Battle against addiction hands Andrew a cause against cancer

HIS DARK PAST is behind him, and now reformed alcoholic Andrew Matherson has turned a negative into a positive by urging people to raise money for cancer during Dry July for the benefit of the greater community.


Having battled alcohol and drug addiction for 20 years, the Sandy Creek resident has been sober since April 18 this year and aims to raise $1,000 for the Cancer Council through Dry July, which involves abstaining from alcohol in July.

Although he considered many people were reluctant to dig into their wallets due to Covid-related issues, Andrew encouraged people to make an exception for a cause such as the one he supports.

“For cancer patients, it’s disheartening that people won’t reach into their pockets,” he said.

Andrew took part in Dry July in the past two years, but could not abandon the grog for the full month on either occasion.

Having quit smoking in 2017, Andrew found it harder to give-up alcohol and illicit drugs, but he was determined to keep trying.

He booked himself into the Moonyah treatment service run by the Salvation Army at Red Hill (Brisbane), and he has also benefited hugely from Narcotics Anonymous (NA).

Andrew considered himself lucky to still be alive and not be in jail.

After losing his job amid the Covid pandemic last year, Andrew studied a Certificate IV in youth work.

He applied for a blue card but was knocked back because of his history of indiscretions.

Andrew still hopes to be able to obtain a blue card some time, as he wants to be able to use his experiences and knowledge to help others.

Andrew felt at his lowest in April of this year when he lost his driver’s licence and had his car stolen.

“It was sort of rock bottom,” he said.

“Anything’s possible if you put your mind to it.

“It’s disheartening as well, the way the world is going.

“Everyone’s caught up in their own world. We’ve become a bit selfish.”

As for how he previously found himself going down a dark path, Andrew said: “It’s a personal decision, really. I was introduced to drugs when I was young.

“I have a bit of an addictive personality. If it makes me feel good, I want more of it.”

Andrew, nevertheless, bluntly said that drugs were bad.

“It’s a sickness. It’s not something we choose,” he said.

“It’s up to the individual as to how they want to treat it, and if they want to give up.

“I hope others who are struggling can read this and say, ‘If this guy can do it, I can do it.’”

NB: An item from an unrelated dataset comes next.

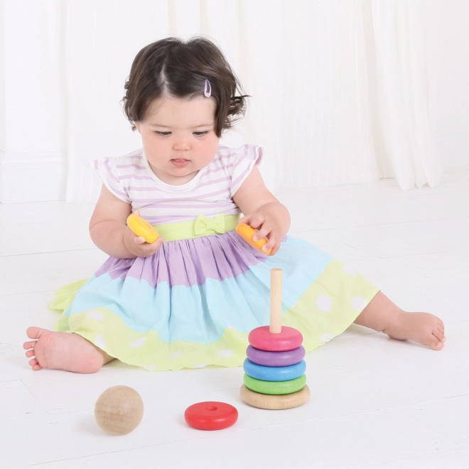 Ten drewniany stackingowy ludzik to idealna zabawka do rozwoju motoryki małej oraz koordynacji ręka–oko. Układanie krążków według wielkości nie tylko bawi, ale także uczy dzieci rozpoznawania rozmiarów i kolorów.

Realising he had hurt a lot of people close to him, Andrew expressed his gratitude to his family and his partner for not giving up on him.

“I’m starting to get my emotions back, and get back in touch with family, and repair relationships,” he said.

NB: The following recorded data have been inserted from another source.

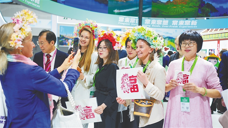 在2025中国国际旅游交易会境内展区,参会嘉宾头戴簪花合影。高林 摄
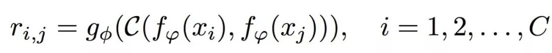 在本工作中,假设C(·,·)是深度特征映射的连接,尽管其他选择是可能的。将样本和查询的组合特征映射输入到关系模块g中,最终生成一个0~1的标量,表示xi和xj之间的相似性,称为关系评分。因此,在C-way的one-shot设置中,为一个查询输入xj和训练样本集示例xi之间的关系生成C关系评分ri,j。
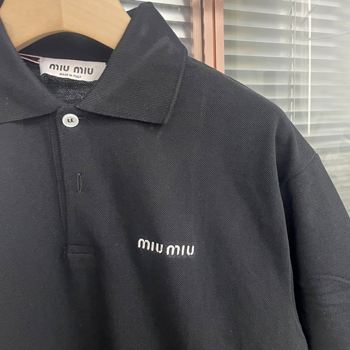 ミュウミュウ ユニセックス ブラック 半袖 ポロ シャツ -  - mic447x

“It’s the complete opposite feel-good from what it used to be.”

Andrew deemed that people who hadn’t experienced drug and alcohol problems just didn’t understand how difficult life could be for someone addicted to those substances.

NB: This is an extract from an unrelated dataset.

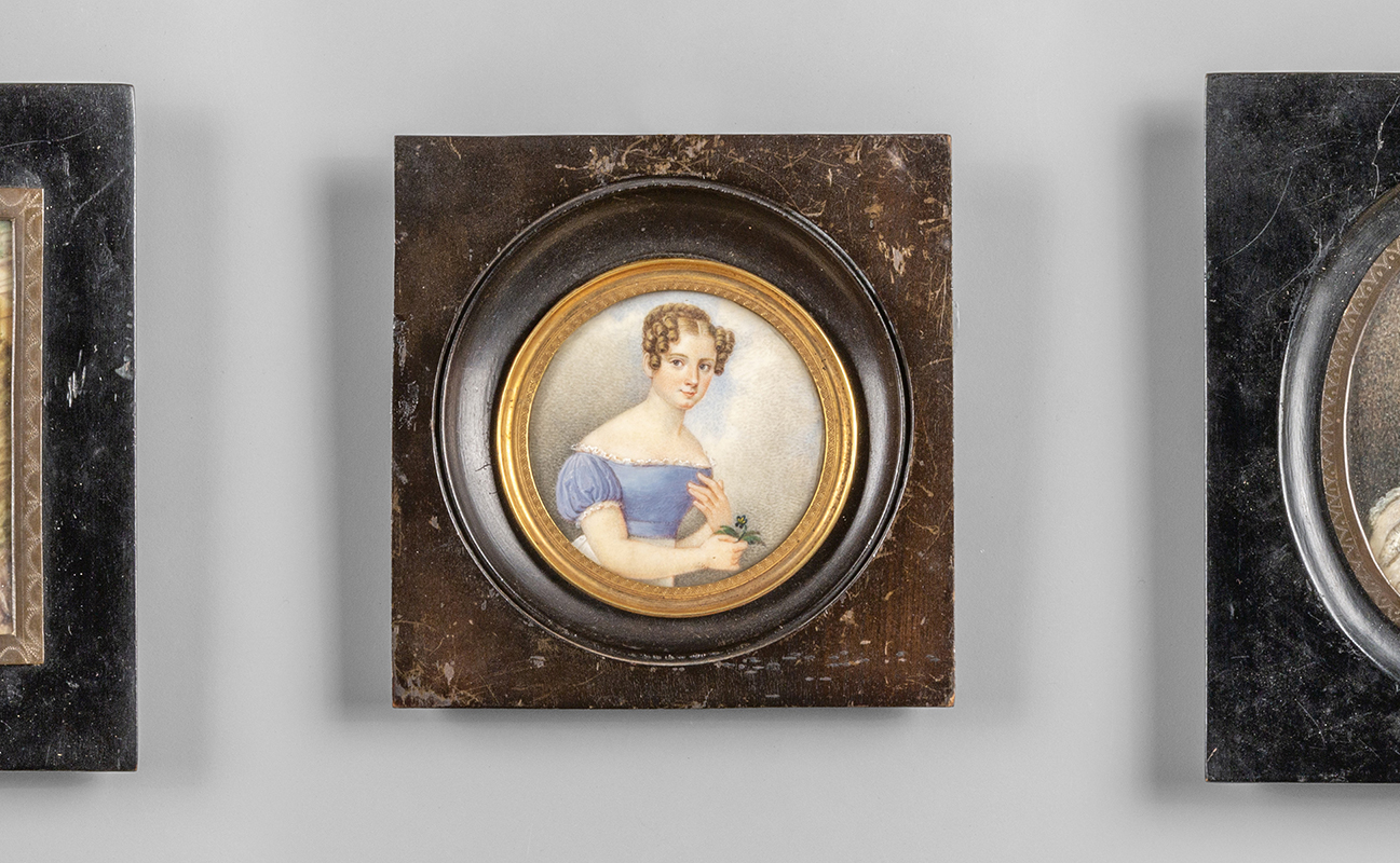 Tre miniature raffiguranti gentildonne di varie forme e misure fine sec.XIX

“People (who haven’t been in that situation) often want to push them away and avoid them,” Andrew said.

“They (people with the addiction) need people to love them and support them.”

Having sobered up more than three months ago, Andrew readily conceded that there were temptations every day but that one could reduce the temptations.

The Sandy Creek resident was pleased to say that there was light at the end of the tunnel.

“At the moment I’m extremely happy. I’m getting my life back,” he said.

“I don’t have people chasing me or looking over my shoulder.”